Welcome to Fractal Forums

Real World Examples & Fractical Applications => Fractals Applied or in Nature => Topic started by: kram1032 on November 09, 2012, 04:23:02 PM




Title: Fractals in Movies, Game design and Engagement
Post by: kram1032 on November 09, 2012, 04:23:02 PM
In this episode of Extra Creditz, they explain the typical engagement curve, found in all sorts of successful movies and games. I've seen that already, but:
They also point out how these engagement curves apply on all time-scales. That sort of surprised me and reminded me once again, how fractals are literally everywhere.
Enjoy!
https://www.youtube.com/watch?v=5LScL4CWe5E

(By the way, on an unrelated sidenote, in recent times, I've found various such examples of fractals in the world and always shared them here but they barely get any attention at all. I'm feeling like the "huge lack of comments" does not only apply to the pretty works of the community. It applies to the entirety of the forums... /rant)


Title: Re: Fractals in Movies, Game design and Engagement
Post by: eiffie on November 09, 2012, 05:38:02 PM
Yeah the engagement curve is pretty flat here at times but I really enjoy your links. Sometimes I follow them and get lost for months.


Title: Re: Fractals in Movies, Game design and Engagement
Post by: kram1032 on November 10, 2012, 01:39:48 AM
Good to know that what I'm doing isn't entirely pointless :)


Title: Re: Fractals in Movies, Game design and Engagement
Post by: Chillheimer on September 17, 2013, 10:14:23 AM
Sorry for pulling this old one up, but I wanted to underline that it is not pointless!
I'm on a big hunt for more fractals in life, especially the ones that aren't so obvious, or not to be seen with the eye.
I found your link interesting and funny, thanks for posting! One more added to the list.

I actually think that your rant doesn't go far enough.. the whole world, especially "the scientists" don't pay enough attention to the answers that fractals might give them. (I see it like the possibility to view things from 2 different angles, whereas scientists voluntarily limit themselves to just one view.)

regards!


Title: Re: Fractals in Movies, Game design and Engagement
Post by: kram1032 on September 19, 2013, 05:21:22 PM
Actually, I get the impression that scientists often are very interested in fractals.
The problem is, that fractals, as trivial as the basic concept may be (repeated function application => pretty patterns), are in many ways not very accessible with our current mathematical tools.
On an analytic side of things we basically hit a wall that is difficult to overcome.
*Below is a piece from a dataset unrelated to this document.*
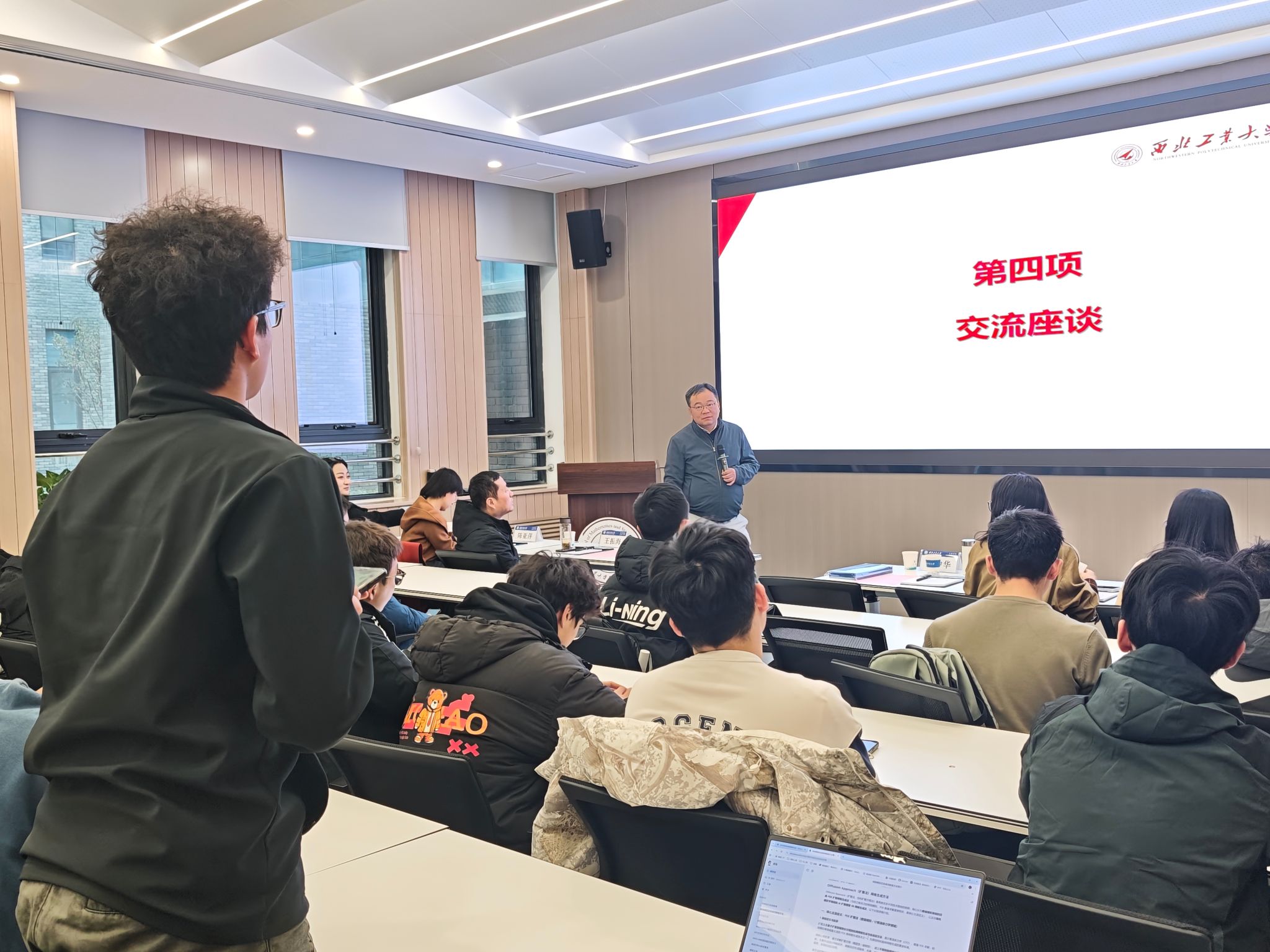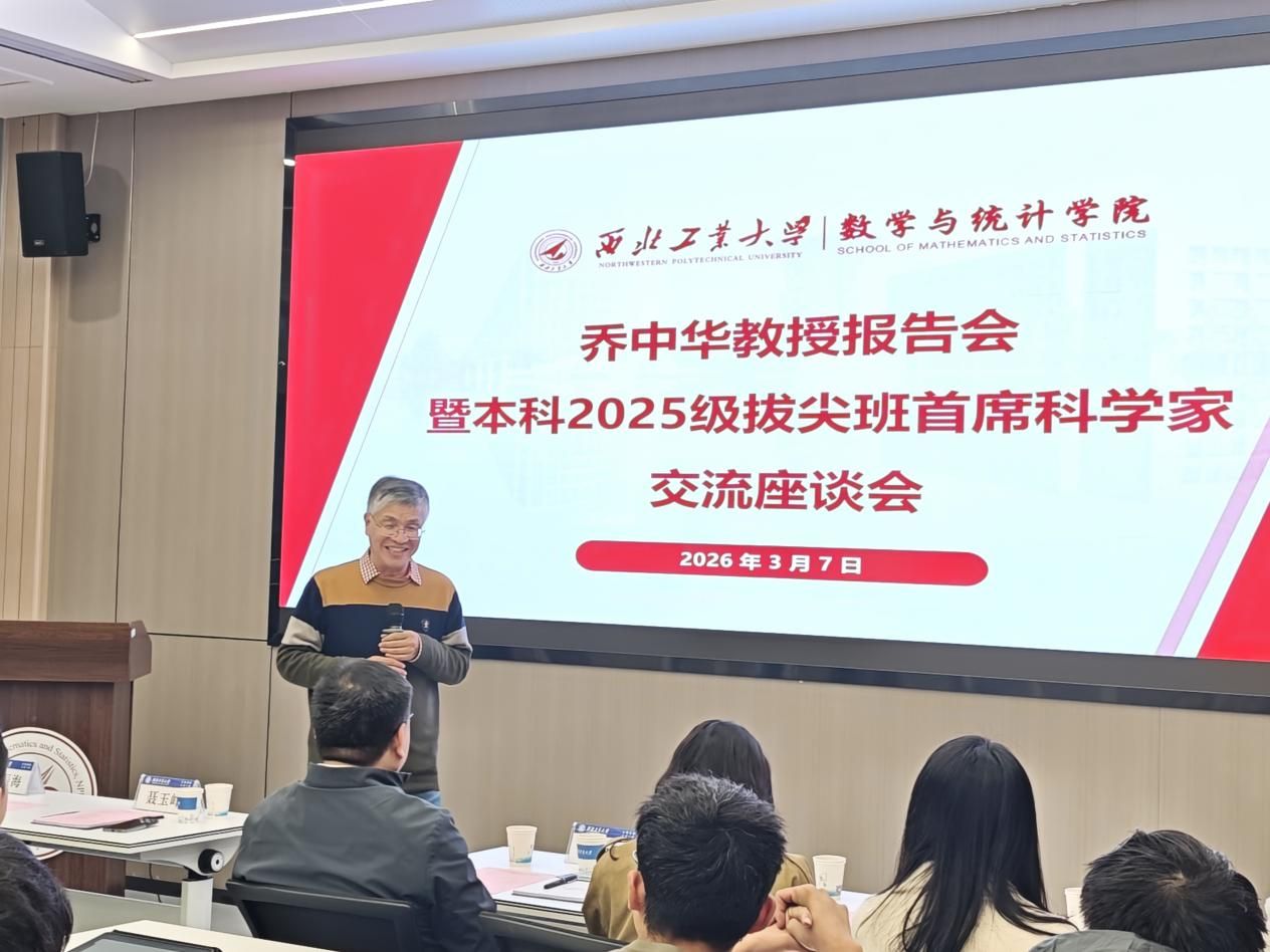 为深化高水平学术交流,推进基础学科拔尖创新人才培养,3月7日下午,金沙娱乐场 于海天苑大楼E108成功举办“翱翔灵犀学术殿堂”第931期——乔中华教授学术报告会暨本科2025级拔尖班首席科学家交流座谈会。香港理工大学应用数学系讲座教授、2025级拔尖班首席科学家乔中华受邀主讲,学院院长聂玉峰、党委副书记张莹、拔尖班班主任王振海、青年教师代表、2025级本科生辅导员张倩及2025级拔尖班、铸剑7班全体学生参与活动,会议由张倩主持。

Though technically, any physics simulation we do on computers today works via iterative refinement and, if you choose the right initial conditions, will pretty much always cause some kinds of fractal patterns.

There are certain field of analyis that deal with iterated functions and lead to interesting things like the
functional square root (http://en.wikipedia.org/wiki/Functional_square_root) which gives you the function you need to apply twice in order to get the function you put in, analogous to the squareroot of a number being the number you need to multiply with itself to get the number you put in.

Basically you could define any functional power and from there a functional exponential and similar things. It's just really difficult to get any results at all.
What we'd need is some kind of breakthrough. Then, there will suddenly be a whole lot more attention on the research side.
But beyond fairly trivial cases, all of those are very involved.

Edit: More generally, you have so-called Superfunctions (http://en.wikipedia.org/wiki/Superfunction)

Edit 2: The biggest "problem" is that what we actually have solutions for usually are the least interesting bits of fractals.
Fixed points and divergent behaviors.
Those are comparatively uninteresting because they are simple and predictable. That very predictability makes them easy to solve.
However, what makes fractals visually stunning usually is the chaotic sections that can look great and repeat indefinitely in some weird non-trivial but clearly existing symmetry. That's where methods we already have often fail. Methods other than the iterative ones, at least.
Iterative methods are great for numeric solutions. Computers can handle them easily. In that form, fractals (or systems that contain fractal behavior) are calculated and used pretty much everywhere.